- [Work to be completed] Transcribe exactly, leaving out pictures, the lines from the one that holds "Cute Queen Elizabeth Cat Mouse Tea postcard" through the end of the data below, including both end lines and no others.

- [Listed entries]

==========

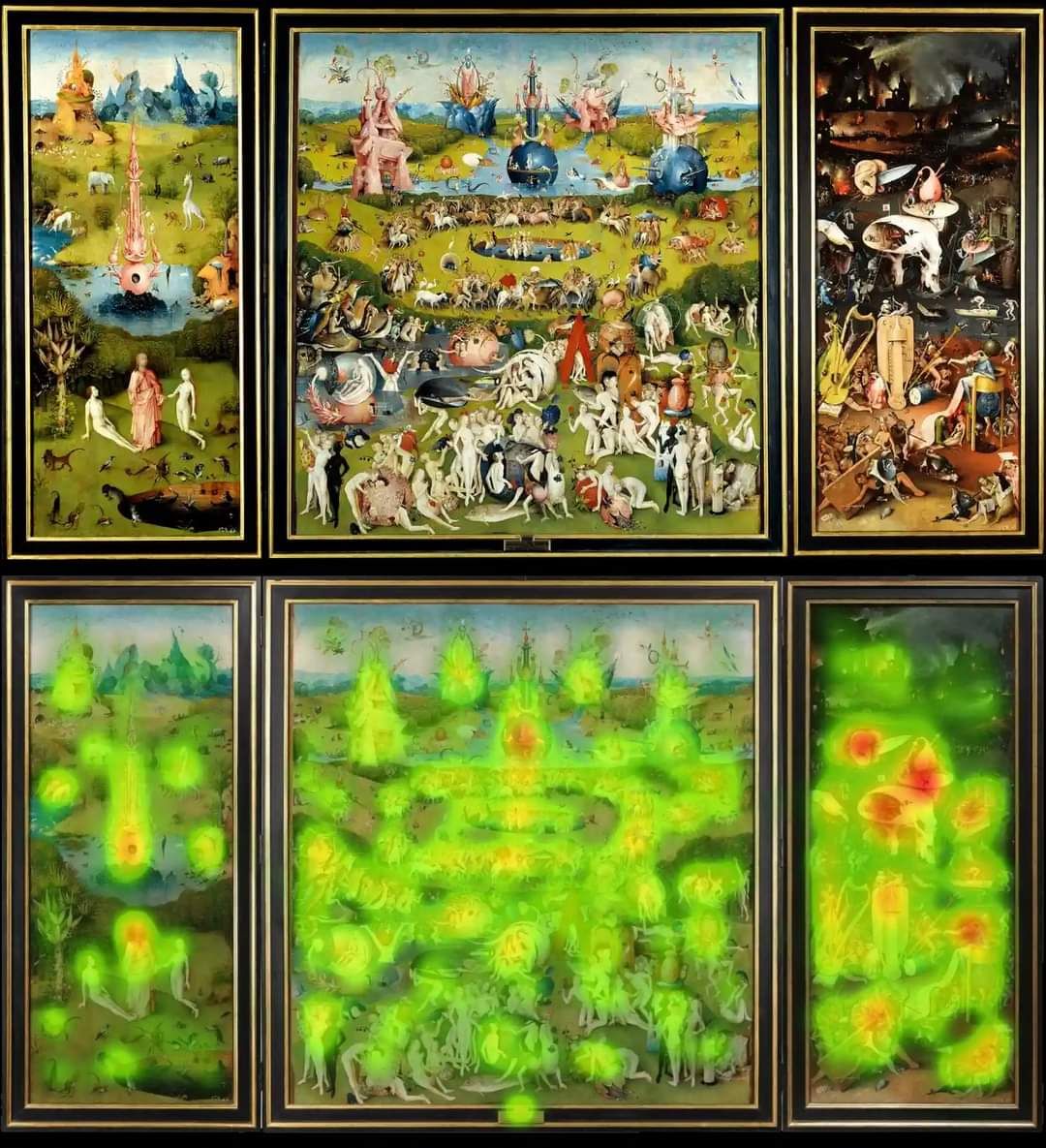 Muzeul Prado din Madrid – unde se află expusă pictura lui Bosch – a organizat un studiu ingenios: i-a rugat pe vizitatori să privească tabloul purtând niște ochelari care le urmărea mișcarea ochilor. Astfel, cercetătorii au putut reproduce harta privirii artistice și să descopere unde anume se uită vizitatorii când observă tabloul. Datele vizuale arată că ochii le sunt atrași de iad: privirea oamenilor rămâne îndelung fixată asupra peisajului infernal al caznelor și torturii. Idilicul tablou al paradisului abia dacă e băgat în seamă. Grădina Edenului – în istorie ca și în pictura lui Bosch – este doar placa turnantă către infern.
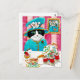 Cute Queen Elizabeth Cat Mouse Tea postcard
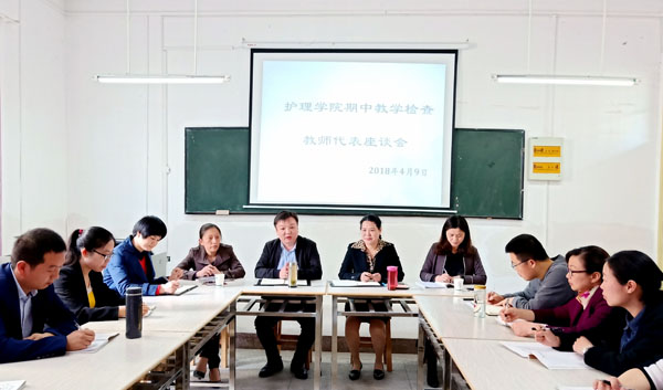 4月9日下午,护理学院在崇贤阁107教室召开了本学期期中教学检查教师代表座谈会。教务处处长宋广辉、职业技能培训科科长余芝轩,护理学院党总支书记王莹华、副院长饶凤英、夏瑾燕及20名教师代表参加了此次座谈会。会议由王莹华主持。
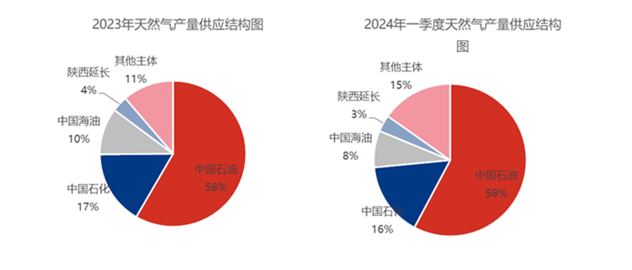 中國51吃瓜网供(gòng)應(yīng)主體主要為中國石油、中國石化、中國海(hǎi)油三大國有企業,2024年一季度“三桶油”占比(bǐ)82%,較2023年降低3個百分點,而陝西延長及煤製氣、煤層氣(qì)等其他供應主體占比提升3個百分點至18%。
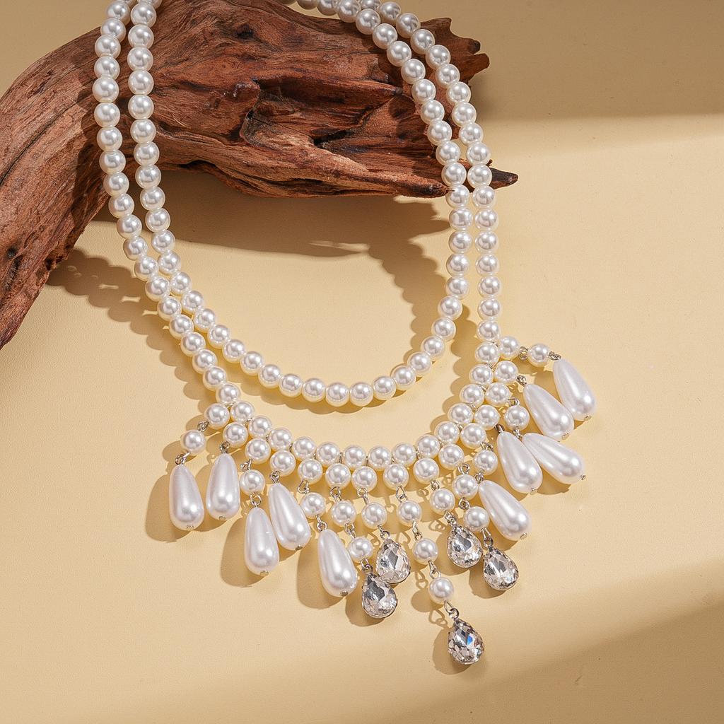 Diamond-encrusted imitation pearl beaded water drop fringed pendant double sweater chain baroque necklace

==========

- [Written solution]
 Cute Queen Elizabeth Cat Mouse Tea postcard
 4月9日下午,护理学院在崇贤阁107教室召开了本学期期中教学检查教师代表座谈会。教务处处长宋广辉、职业技能培训科科长余芝轩,护理学院党总支书记王莹华、副院长饶凤英、夏瑾燕及20名教师代表参加了此次座谈会。会议由王莹华主持。
 中國51吃瓜网供(gòng)應(yīng)主體主要為中國石油、中國石化、中國海(hǎi)油三大國有企業,2024年一季度“三桶油”占比(bǐ)82%,較2023年降低3個百分點,而陝西延長及煤製氣、煤層氣(qì)等其他供應主體占比提升3個百分點至18%。
 Diamond-encrusted imitation pearl beaded water drop fringed pendant double sweater chain baroque necklace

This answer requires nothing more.